» TASK TO CARRY OUT
Only an exact repeat of the listing, without its images, counts as the answer.

» EXERCISE DATA
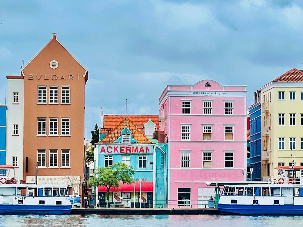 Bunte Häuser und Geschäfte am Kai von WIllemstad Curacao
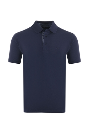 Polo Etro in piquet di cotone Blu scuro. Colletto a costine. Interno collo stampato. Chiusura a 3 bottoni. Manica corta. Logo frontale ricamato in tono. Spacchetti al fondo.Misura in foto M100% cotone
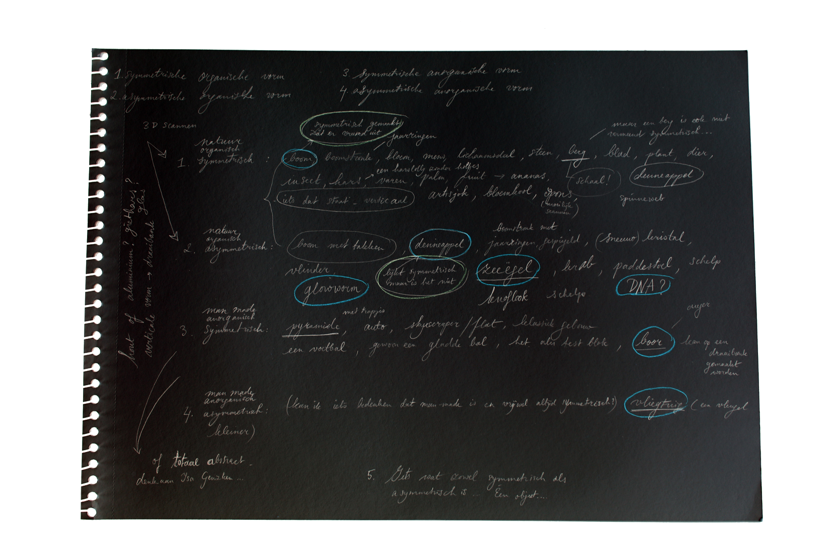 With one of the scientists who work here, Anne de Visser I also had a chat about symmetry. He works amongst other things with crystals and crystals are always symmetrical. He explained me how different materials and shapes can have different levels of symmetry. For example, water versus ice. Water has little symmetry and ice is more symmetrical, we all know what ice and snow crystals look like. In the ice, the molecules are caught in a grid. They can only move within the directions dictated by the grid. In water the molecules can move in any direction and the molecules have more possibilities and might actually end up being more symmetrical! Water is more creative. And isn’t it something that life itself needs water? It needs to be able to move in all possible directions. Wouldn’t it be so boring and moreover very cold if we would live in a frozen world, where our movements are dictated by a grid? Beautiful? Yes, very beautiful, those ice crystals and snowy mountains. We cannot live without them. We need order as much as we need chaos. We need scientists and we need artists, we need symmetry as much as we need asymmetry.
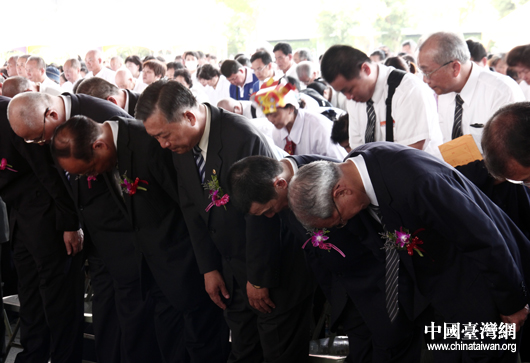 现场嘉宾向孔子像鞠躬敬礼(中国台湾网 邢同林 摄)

» FINISHED TASK
 Bunte Häuser und Geschäfte am Kai von WIllemstad Curacao
 Polo Etro in piquet di cotone Blu scuro. Colletto a costine. Interno collo stampato. Chiusura a 3 bottoni. Manica corta. Logo frontale ricamato in tono. Spacchetti al fondo.Misura in foto M100% cotone
 With one of the scientists who work here, Anne de Visser I also had a chat about symmetry. He works amongst other things with crystals and crystals are always symmetrical. He explained me how different materials and shapes can have different levels of symmetry. For example, water versus ice. Water has little symmetry and ice is more symmetrical, we all know what ice and snow crystals look like. In the ice, the molecules are caught in a grid. They can only move within the directions dictated by the grid. In water the molecules can move in any direction and the molecules have more possibilities and might actually end up being more symmetrical! Water is more creative. And isn’t it something that life itself needs water? It needs to be able to move in all possible directions. Wouldn’t it be so boring and moreover very cold if we would live in a frozen world, where our movements are dictated by a grid? Beautiful? Yes, very beautiful, those ice crystals and snowy mountains. We cannot live without them. We need order as much as we need chaos. We need scientists and we need artists, we need symmetry as much as we need asymmetry.
 现场嘉宾向孔子像鞠躬敬礼(中国台湾网 邢同林 摄)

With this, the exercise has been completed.